2017年05月13日

国連「拷問禁止委員会」による「日韓慰安婦合意の見直し」勧告について


 国連の拷問禁止委員会が“韓国政府に対して”出した勧告の中に「日韓慰安婦合意の見直しを求める」という項目があったことが話題となっている。
 この委員会は、政府提出の報告と委員会側の報告者の報告を基に、長時間にわたる厳しい議論(というより尋問)を経て勧告をまとめる。
 委員会は10ヶ国から選ばれた10人の独立専門委員(この分野の有識者であって、国を代表する者ではない)で構成され、現在の委員は、デンマーク**、フランス、イタリア、モルドバ、アメリカ*、メキシコ*、中国、ネパール、モロッコ*、チュニジア出身(** 座長、* 副座長)である。
 今回の場合も、移民労働者の人権、北朝鮮との関係など、韓国政府が厳しく追及され、多くの勧告を出されている中の1項目である。
 端的に言えば、ここで批判され、注文を付けられているのは第一に韓国政府なのであり、「慰安婦合意」についてということで、日本人が変な反応をするべきではない。これを受けて、韓国政府から改めて申し入れがあれば真摯に対応すべきなのは当然であるが。
 以下に、報告の該当部分と日本語訳(寄藤訳)を示す。


CAT - Convention against Torture and Other Cruel Inhuman or Degrading Treatment or Punishment
60 Session (18 Apr 2017 - 12 May 2017)

Concluding observations on the third to fifth periodic reports of the Republic of Korea
韓国の第3回から第5回までの定期報告に関する最終的な監察結果

C. Principal subjects of concern and recommendations
C.主たる懸念事項と推奨事項

Redress for victims of torture and ill-treatment
拷問や虐待の被害者のための救済

47. The Committee is concerned:
(a) While welcoming the Agreement reached at the Republic of Korea-Japan Foreign Ministers’ Meeting on December 28, 2015, and taking note that there are still 38 surviving victims of sexual slavery during World War II, that the Agreement does not fully comply with the scope and content of its general comment No.3 (2012) on the implementation of article 14 of the Convention, and fails to provide redress and reparation, including compensation and the means for as full rehabilitation as possible as well as the right to truth and assurances of non-repetition;

47. 委員会は
(a) 2015年12月28日の日韓外相会合で合意が成立したことは歓迎するが、未だに第二次世界大戦中の性奴隷の生存者が38人いることに留意すると、(この合意は)条約第14条の「条約の履行に関する総括コメントNo.3(2012)」の範囲と内容を完全に遵守しておらず、真実(を究明すること)と二度と繰り返さぬ保証の権利、できるだけ完全なリハビリテーションのための手段と補償を含む、救済と賠償を提供することもできていない。

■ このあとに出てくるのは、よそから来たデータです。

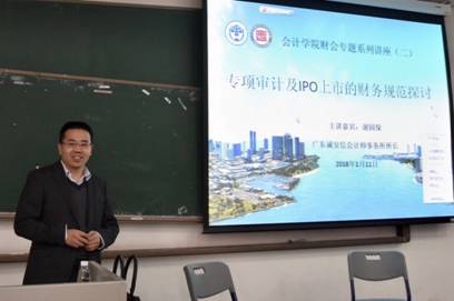 2018年1月11日星期四上午9:00-11:00,百富策略bfball手机版实践教学周财会专题系列讲座的第二场“专项审计及IPO上市的财务规范”在教学楼C208教室举行。本次财经讲座论坛,学院邀请到广东诚安信会计师事务所所长主管合伙人谢园保先生,以及上市公司金逸影城财务总监曾凡清先生,百富策略bfball手机版刘慧芬老师主持本次讲座。
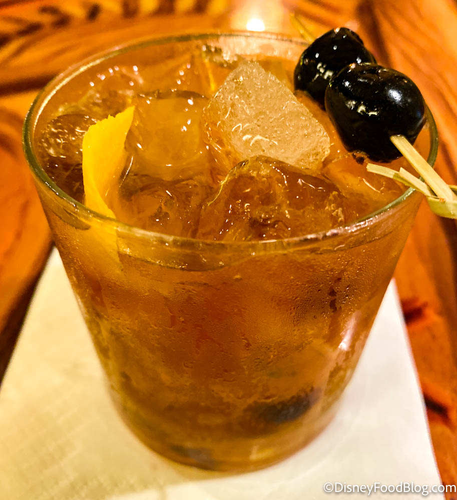 There were a lot of tempting drinks! We chose the Malawi Mango Margarita and Bain’s Old Fashioned! Alright, you caught us, neither of these is actually on the menu…but you can still order them! First up is the Bain’s Old Fashioned!
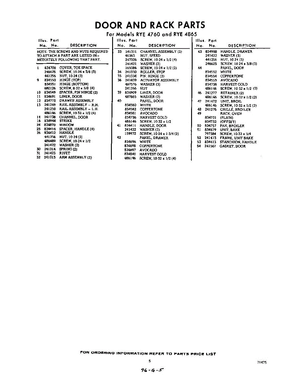 Parts for Whirlpool RYE4865: 05 - Section Parts

48. The State party should:
(d) Revise the Agreement of 28 December 2015 between the Republic of Korea and Japan in order to ensure that the surviving victims of sexual slavery during World War II are provided withredress, including the right to compensation and rehabilitation and the right to truth, reparation and assurances of non-repetitions, in keeping with article 14 of the Convention;

48. 締約国(韓国)は、
(d) 2015年12月28日の韓国と日本の間の合意を見直すこと。
第二次世界大戦中の性奴隷から生き残った犠牲者に対して、条約第14条に従い、補償とリハビリの権利、および真実の究明、賠償および二度と繰り返さぬ保証の権利を含めた救済措置が提供されていることを確実にするために。